This script parses a string representation of a filesystem structure into a tree-like directory structure.
The 'Node' class represents a node in this tree, which can be either a file or a folder. Files cannot have
children, while folders can.
The 'DirectoryTree' class contains a single root folder from which all other files/folders can be reached.
The 'parse_tree_to_filesystem' function uses OpenAI's GPT-3 model to convert a string representation of a
directory tree into a 'DirectoryTree' object. This object can then be manipulated programmatically as needed,
with methods such as 'print_paths' available for convenience.
Please note: Recursive models currently work if they are wrapped by a non-recursive one. This is why we are
passing a 'DirectoryTree' (which contains a single 'Node') as the function call, not a 'Node' directly. This
is due to a limitation in how Pydantic generates schemas for recursive objects, which creates
'dict_keys(['$ref', 'definitions'])'. Instead of writing a resolver for such references, we can simply wrap the
recursive class in a non-recursive one so the function_call class never has a cyclic reference.
Example usage:
>>> root = parse_tree_to_filesystem(
... '''
... root
... ├── folder1
... │ ├── file1.txt
... │ └── file2.txt
... └── folder2
... ├── file3.txt
... └── subfolder1
... └── file4.txt
... '''
... )
>>> root.print_paths()
# Expected output:
# >>> root NodeType.FOLDER
# >>> root/folder1 NodeType.FOLDER
# >>> root/folder1/file1.txt NodeType.FILE
# >>> root/folder1/file2.txt NodeType.FILE
# >>> root/folder2 NodeType.FOLDER
# >>> root/folder2/file3.txt NodeType.FILE
# >>> root/folder2/subfolder1 NodeType.FOLDER
# >>> root/folder2/subfolder1/file4.txt NodeType.FILE
"""
import openai
import enum
from pydantic import Field
from typing import List
from openai_function_call import OpenAISchema
from tenacity import retry, stop_after_attempt
class NodeType(str, enum.Enum):
"""Enumeration representing the types of nodes in a filesystem."""
FILE = "file"
FOLDER = "folder"
class Node(OpenAISchema):
"""
Class representing a single node in a filesystem. Can be either a file or a folder.

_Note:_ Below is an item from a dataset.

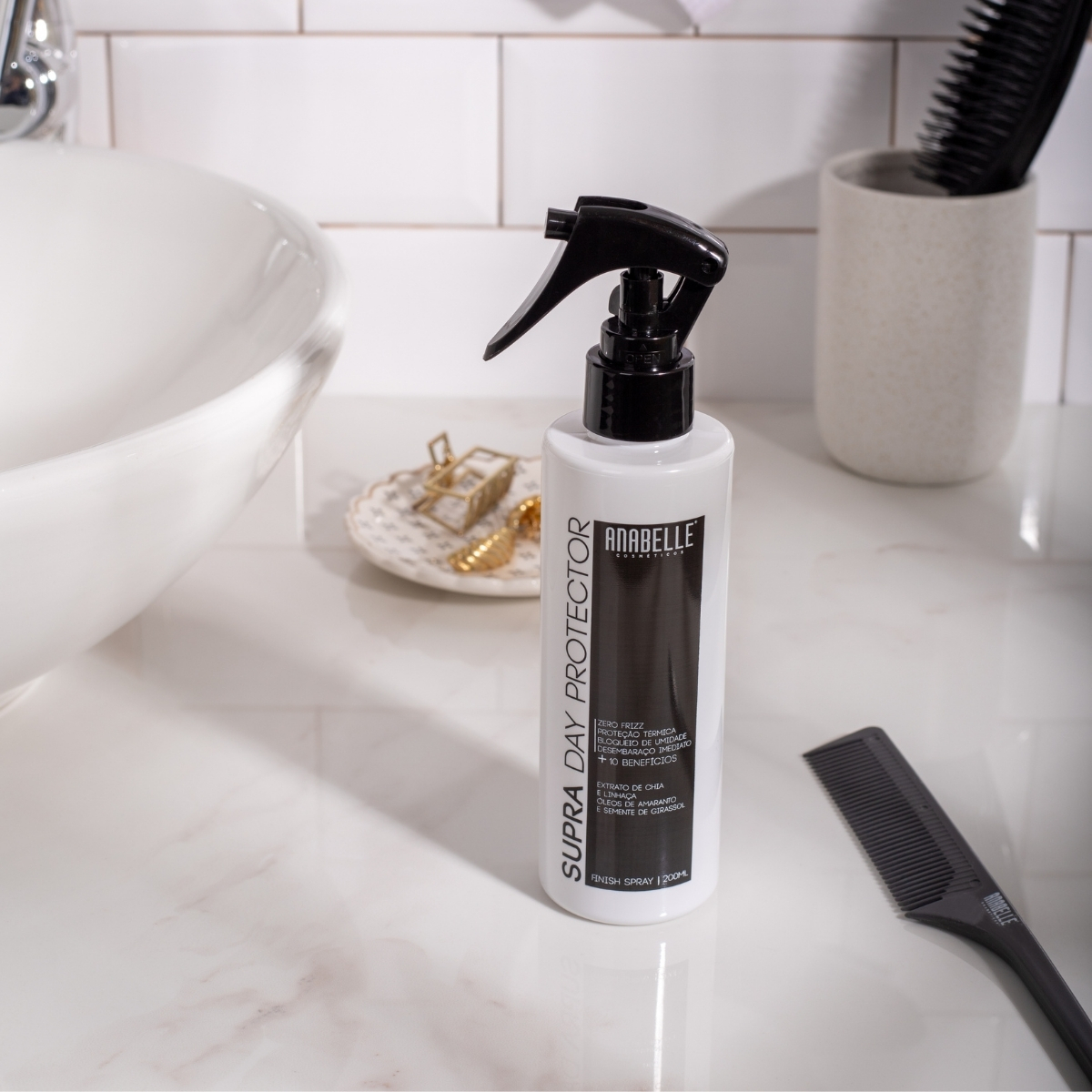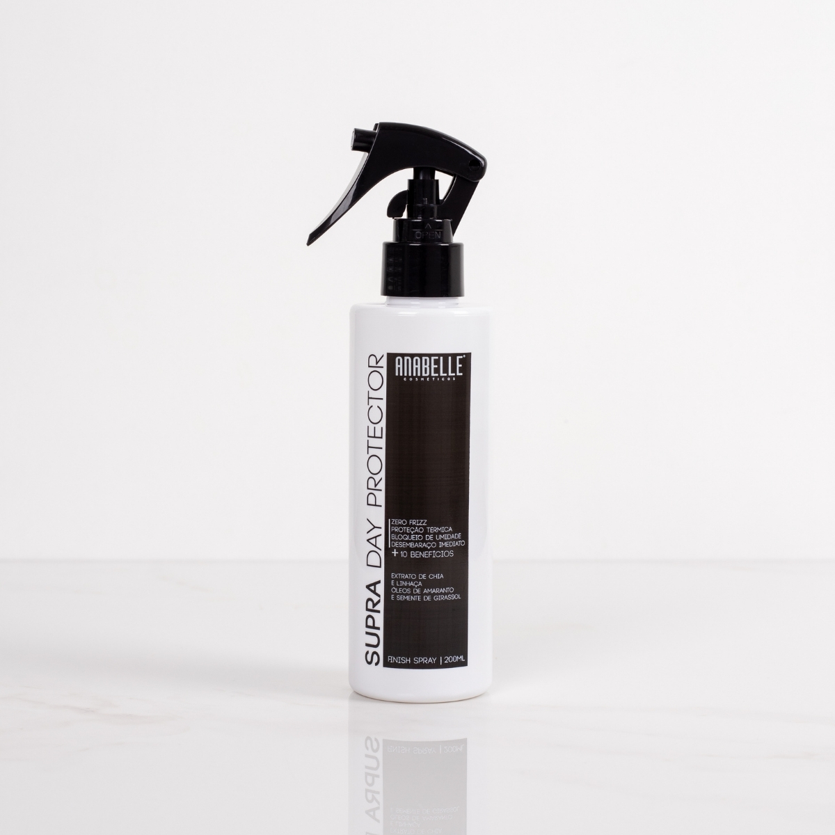 Supra Day Protector Anabelle® 200ml: leave-in multifuncional com 14 benefícios, proteção térmica, zero frizz, nutrição, brilho intenso e fios impecáveis.

Note that a file cannot have children, but a folder can.
Args:
name (str): The name of the node.
children (List[Node]): The list of child nodes (if any).

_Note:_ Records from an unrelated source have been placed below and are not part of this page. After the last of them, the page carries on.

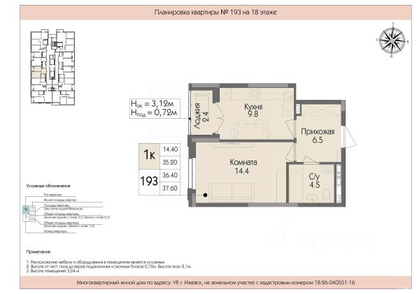 Продаётся 1-комнатная квартира в строящемся доме (Дом 2), срок сдачи: III-кв. 2026, общей площадью 37.71 кв.м., на 17 этаже. Новый жилой комплекс "Арден на Селтинской" от застройщика "СЗ Эллипсстрой" расположен по адресу Удмуртская Республика, город Ижевск, ул Луначарского
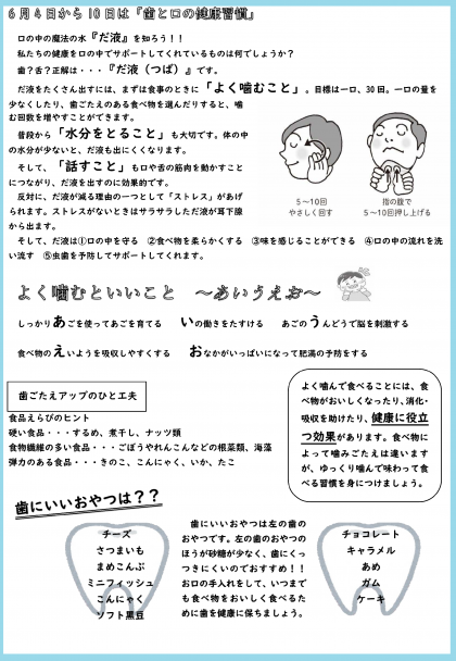 裏面では、「歯と口の健康習慣」に関する記事が掲載されています。「歯と口の健康週間(6月4日〜10日)」を機会に、「歯と口の健康な習慣」を見直しましょう!
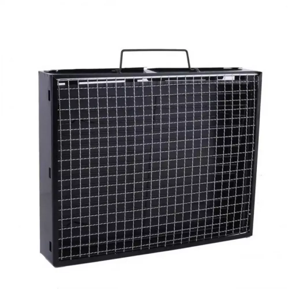 Все детали BBQ Grill Portable склепаны между собой, а сам мангал складывается в форму удобного кейса, что не позволит вам потерять важную деталь и сэкономить место. Мангал оборудован центральными ручками, которые не нагреваются. В комплекте с мангалом Вы также получите решетку-гриль, из пищевой стали. В мангале также предусмотрены проемы под решетку-гриль, которые позволяют фиксировать ее на двух уровнях, что значительно расширит ваши возможности в выборе продуктов и приготовлении блюд. Решетка-гриль складывается и легко помещается внутрь мангала.
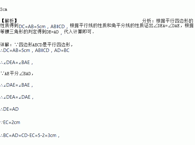 如图,在平行四边形ABCD中,∠BAD的平分线AE交边CD于E,AB=5cm,EC=2cm,则BC=_________.

node_type (NodeType): The type of the node, either a file or a folder.
Methods:
print_paths: Prints the path of the node and its children.
"""
name: str = Field(..., description="Name of the folder")
children: List["Node"] = Field(
default_factory=list,
description="List of children nodes, only applicable for folders, files cannot have children",
)
node_type: NodeType = Field(
default=NodeType.FILE,
description="Either a file or folder, use the name to determine which it could be",
)
def print_paths(self, parent_path=""):
"""Prints the path of the node and its children."""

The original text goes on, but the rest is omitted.